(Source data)

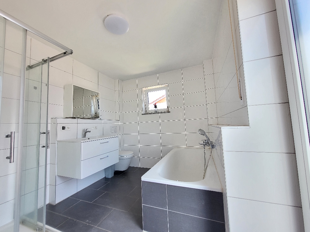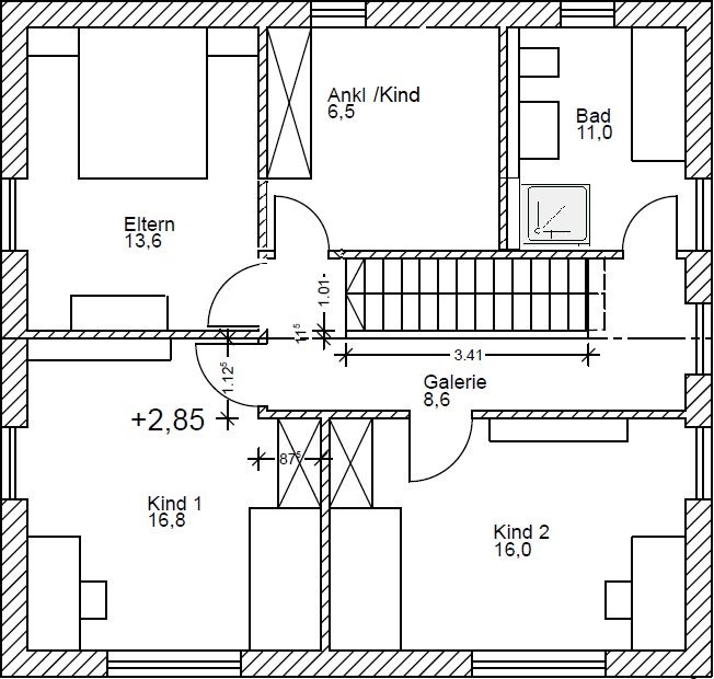 Über eine geradläufige Treppe gelangen Sie in die helle Galerie des Obergeschosses. Vier verschieden große Schlaf- / Kinderzimmer bieten Platz auch für große Familien. Das moderne Bad mit Dusche, Wanne und hochwertigen Sanitärobjekten lässt keine Wünsche offen. Über eine Einschubtreppe gelangen Sie auf den Dachboden.
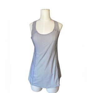 This lululemon athletica tank top features a sleek, fitted design in a versatile gray color, perfect for layering or wearing on its own. The tank top's sleeveless style and comfortable armholes allow for easy movement, while its hip-length cut offers a flattering fit. Crafted from a soft, lightweight fabric, it provides both comfort and style for any casual occasion.
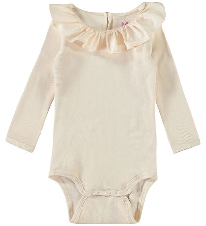 Nice Molo bodysuit with long sleeves in plain beige with a nice rib structure. All the way around the neck opening it has a nice ruffle of tightly woven cotton. The Molo bodysuit opens at the neck with a single button, and between the legs there are practical push buttons.
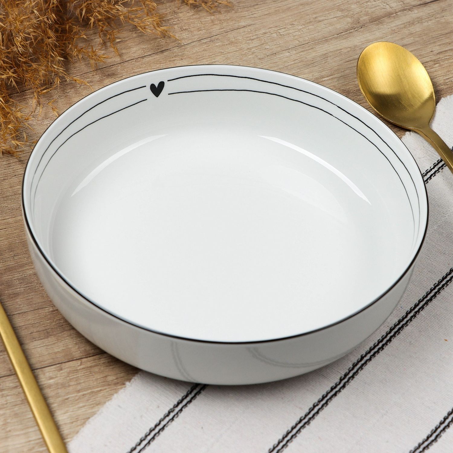 Тарелка коллекции «С любовью» порадует глаз своим элегантным дизайном и особой атмосферой тепла и заботы. Выбирая эту тарелку, вы получаете надежное изделие, изготовленное из высококачественной керамики. Оно прослужит долго и выдержит интенсивное использование, поскольку способно переносить высокие температуры в микроволновой печи и бережно очищаться в посудомоечной машине.
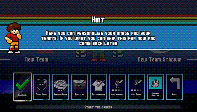 - The teams can be fully customized (name, players, shirt colors, club flag, etc.)
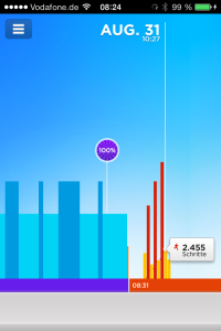 Ich bin ein Spielkind… gebe ich gerne zu. Anfang des Jahres (März oder April) habe ich mir ein Jawbone UP gekauft. Schrittzähler von früher waren immer doof. Dieser hier versprach mehr spaß :-) Zudem analysiert er den Schlaf und weckt entsprechend dynamisch eben nicht in einer Tiefschlafphase sondern ggf 20 Minuten früher aber auch spätestens zu der Zeit, die Du eingestellt hast. Klasse :-)
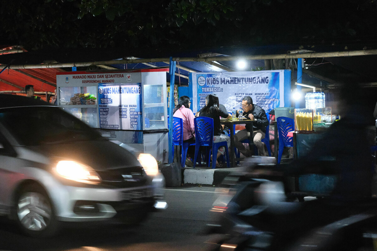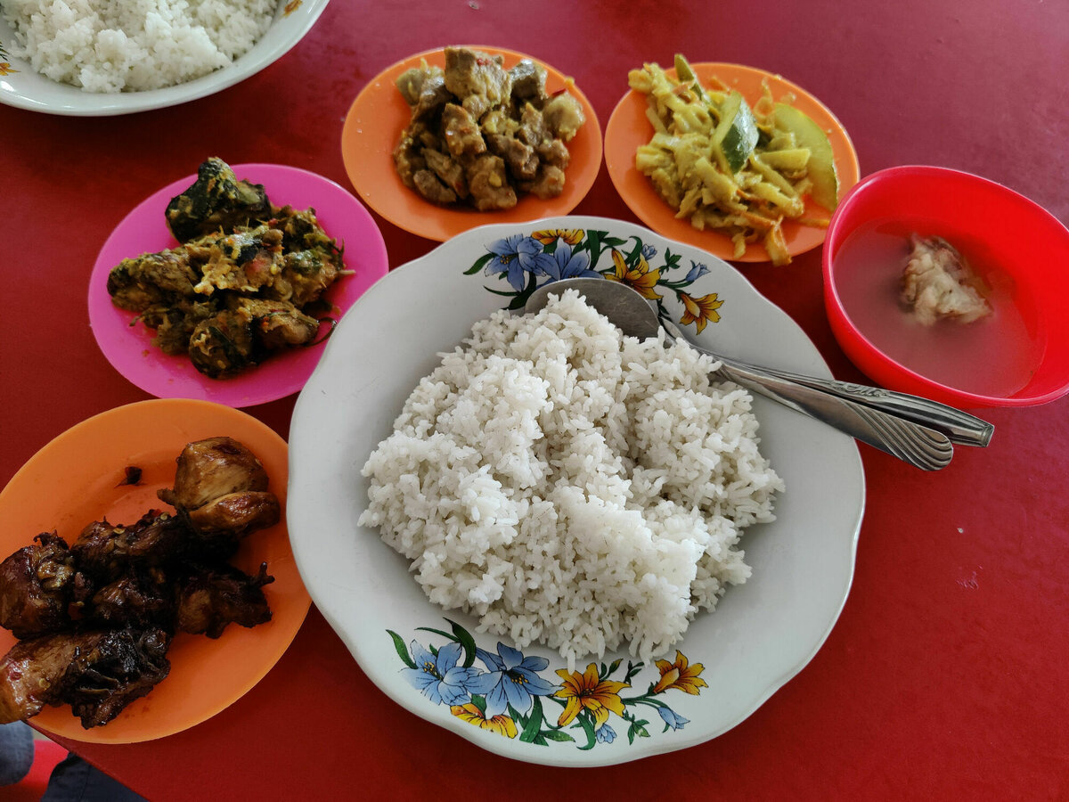 Wir haben uns ein paar kleine Schalen mit Schwein, Huhn, Schlange und einem sehr fruchtig schmeckenden Bambuscurry ausgesucht, dazu gab es – natürlich – Nasi Putih, weißen Reis, etwas Brühe mit einem Klumpen Fleisch drin und Tee, alles für 45000 – für drei, also etwa ein Euro pro Person. Die Curries waren alle wirklich sehr lecker, leicht scharf, aber absolut gut essbar. Nur die kleinen Schlangenstücke hatten leider nur wenig Fleisch, der Rest war Haut und Knochen (mit dünnen Rippen, fast wie die Gräten beim Fisch.

### ASSIGNMENT
Only the lines above from the one with "в посудомоечной машине." to the one with "- The teams" should be printed, both included and exactly as written; no picture belongs in the copy.

### REPLY
 Тарелка коллекции «С любовью» порадует глаз своим элегантным дизайном и особой атмосферой тепла и заботы. Выбирая эту тарелку, вы получаете надежное изделие, изготовленное из высококачественной керамики. Оно прослужит долго и выдержит интенсивное использование, поскольку способно переносить высокие температуры в микроволновой печи и бережно очищаться в посудомоечной машине.
 - The teams can be fully customized (name, players, shirt colors, club flag, etc.)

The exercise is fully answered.